Из воды вынырнул блестящий гавиал и откусил ему ногу. Негр, изогнувшись, вытянул руки к розовому небу. Мужчины, взявшись за руки и смеясь, пустились в пляс на красной глине, то и дело отхлебывая из бутылки.
От негра остался обрубок плоти, привязанный к обрубку дерева. Молодой гавиал попытался было откусить ему голову, но негр, крича, непрестанно раскачивал ею.
Наконец, солдаты вытащили сухой ствол на берег. Он легко скользнул по тине, усеянной осколками бутылок и обрывками гирлянд.
Солдаты спрятались в кустах. На дерево медленно спланировал гриф. Выползшие на берег гавиалы уснули на солнце с приоткрытыми глазами.
Лаура Пистилл помолилась за убийцу и уплыла на пароходе в Европу. Остановившись в Париже, она слушала «Искусство фуги» в Сен-Жерве; красивый мужчина с серебристыми волосами все время смотрел на нее; на выходе она увидела, что это священник. Поужинав в Марэ, они отправились вместе на концерт. На исходе дня священник признался, что на самом деле он — гангстер. Вернувшись в Бервик, она написала ему. Он ей ответил. Зимним утром 1910 года она прочла в газете о его смерти в монастыре Сиены.
Лаура Пистилл — маленькая пожилая дама, сплошные розы и кружева. Ее дом, похожий на бонбоньерку, всегда открыт для окрестных детей. По утрам, когда она шла к своему магазину, уличные дети и школьники, отталкивая друг друга, спорили за право нести ее кожаную сумку и зонтик. Позже, когда ей стало трудно ходить, студенты построили для нее деревянную повозку с бархатными подушками. Дежурный мальчишка отвозил ее к магазину и забирал обратно после занятий; Лаура раскланивалась налево и направо, гладила вихрастые головы, раздавала конфеты и хот-доги, отирала лоб под акациями бульвара. Зимой она не выбиралась из своей шкатулки.
Друзилла привела к ней Дональбайна. Важно восседая на викторианском кресле, он слушал Брамса, насильно, до тошноты, набивая себя пирожными и желе. Леди Пистилл повернула ручку настройки радиоприемника, и голос диктора возвестил о резне в Хайфоне. Дональбайн, побледнев, положил пирожное на стол, встал и приблизился к приемнику. Леди Пистилл вздрогнула.
— Боже, сказала она — бедные люди!
Я встал, подошел к Дональбайну, положил ладонь ему на плечо. Он посмотрел на меня исподлобья, и на его ресницах блеснула влага.

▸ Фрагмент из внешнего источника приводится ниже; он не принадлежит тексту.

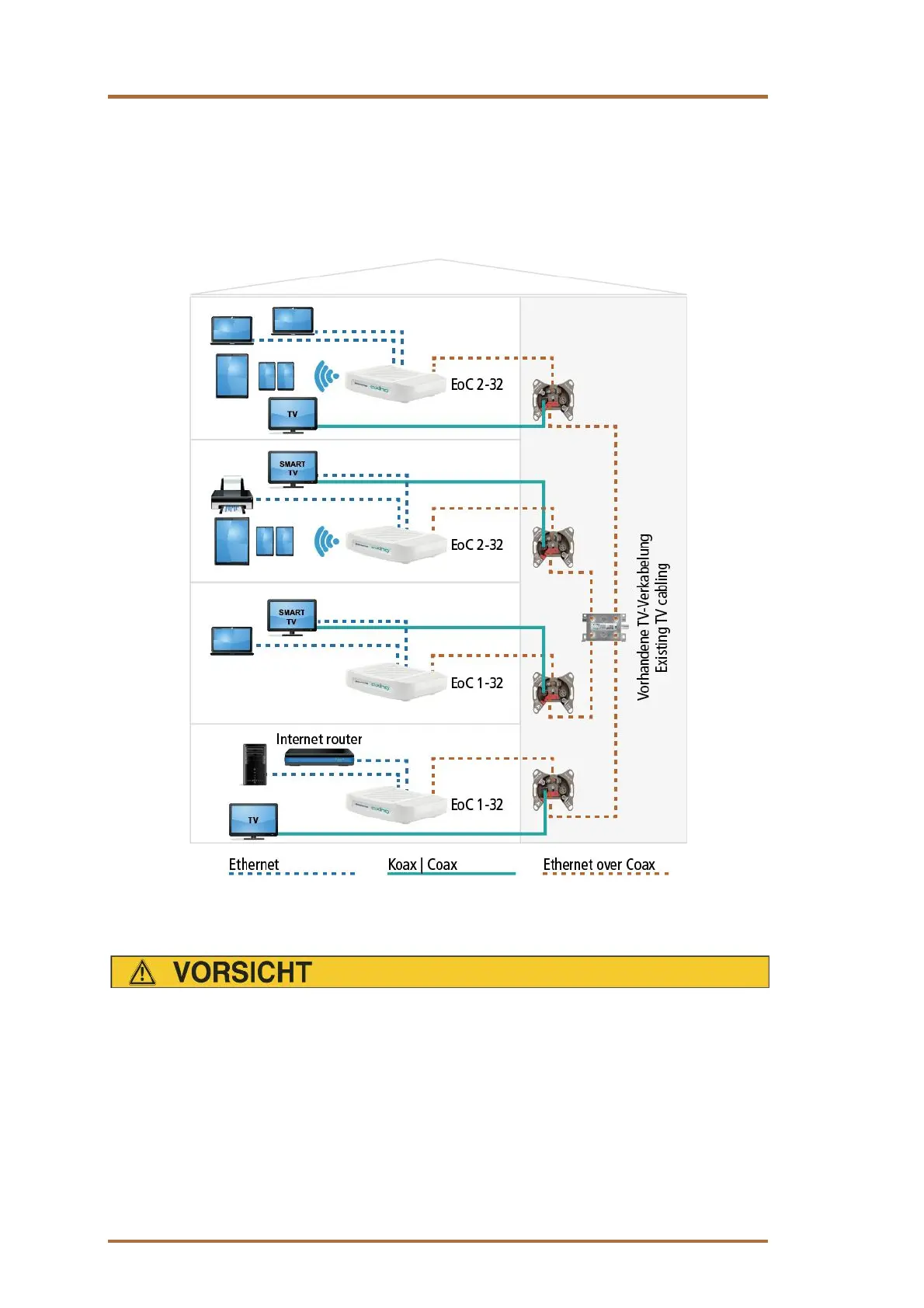 Die Gerätetypen EOC 1-32 und EOC 2-32 dürfen in einem CATV-Netz nur eingesetzt werden, wenn der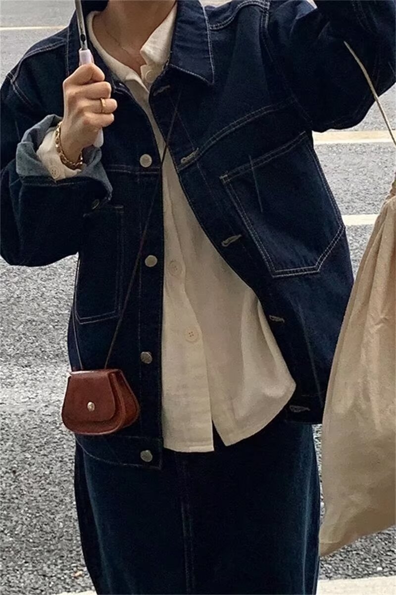 炸街偏深蓝色2024早春新款超显瘦oversize百搭牛仔外套秋

— Дональбайн, — пробормотал я, — у нас всех свои несчастья. Забудьте об этом.
Он выключил радио и сел на прежнее место. Перед нашим уходом леди Пистилл подарила ему две пластинки Баха и «Письма к детям» Льюиса Кэррола. Мы спустились на пляж. Моросил дождь. Дональбайн пожаловался на боль в печени. Мы взяли его под руки. Дождь усилился, мы побежали к дюнам. У берега, в кустах чертополоха, мы нашли маленькую хижину из досок и ветвей, накрытую просмоленным брезентом. Мы вбежали в нее. Дональбайн был бледен, он сел на ящик и стал выдирать из ступней колючки чертополоха. Мы решили искупаться. Дональбайн скорчил недовольную мину, но Друзилла решительно расстегнула пуговицы на его курточке:
— Дональбайн, не усложняйте себе жизнь. Вы обожаете воду, так? Ну так ныряйте, это поможет вам переварить пирожные леди Пистилл.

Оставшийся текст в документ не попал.